Я стараюсь идти, это ноги не хотят двигаться. Земля качается и вертится. Я хватаюсь за маму.
— Не висни на мне, не смей на мне виснуть!
Мы подходим к нашему дому и заходим в подъезд. Почему-то вместо того, чтобы открыть дверь нашей квартиры, мама принимается ходить по кругу: мимо нашей двери, мимо двух соседних, по ступенькам вверх и опять: мимо нашей двери, мимо двух соседних…
Зачем она это делает?

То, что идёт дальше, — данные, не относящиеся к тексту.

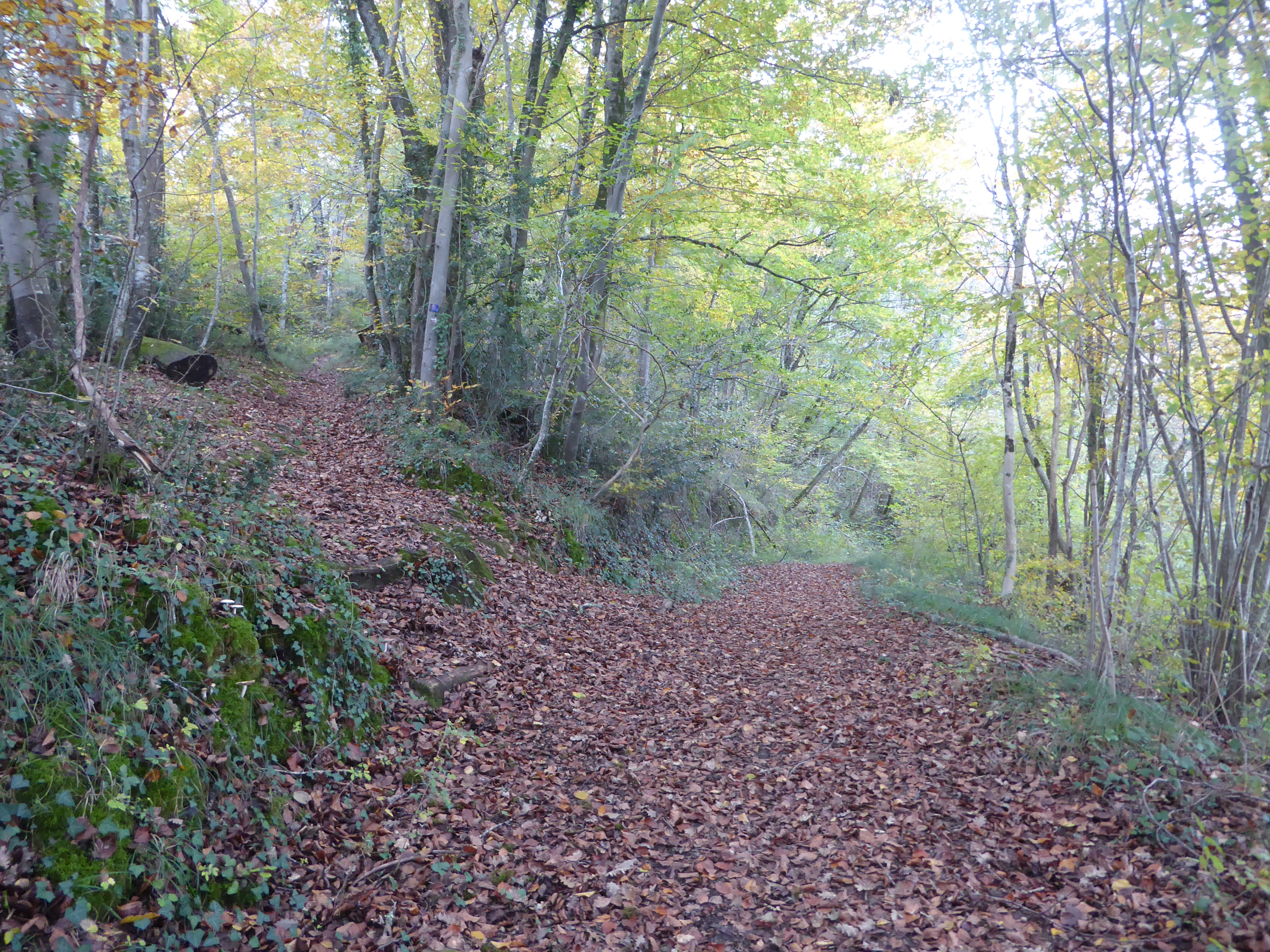 A ce croisement dans le sous-bois après avoir contourné la propriété Sobolle, suivre le chemin montant tout droit puis faisant une épingle sur la gauche direction la Jurançonada

Зачем она ходит по кругу?
— Что с тобой? Что такое?!
Я слышу ее голос, но ничего не вижу и не могу ничего сказать. А потом пропадает и голос.
Кто-то тормошит меня, сажает, держит за плечи.
Я открываю глаза. Какой яркий свет… Больно смотреть… Рядом со мной на кровати сидит женщина в белом платье. Сбоку стоит мама. Женщина открывает черную коробку и достает оттуда две резиновые трубочки. Я пугаюсь и пытаюсь вырваться.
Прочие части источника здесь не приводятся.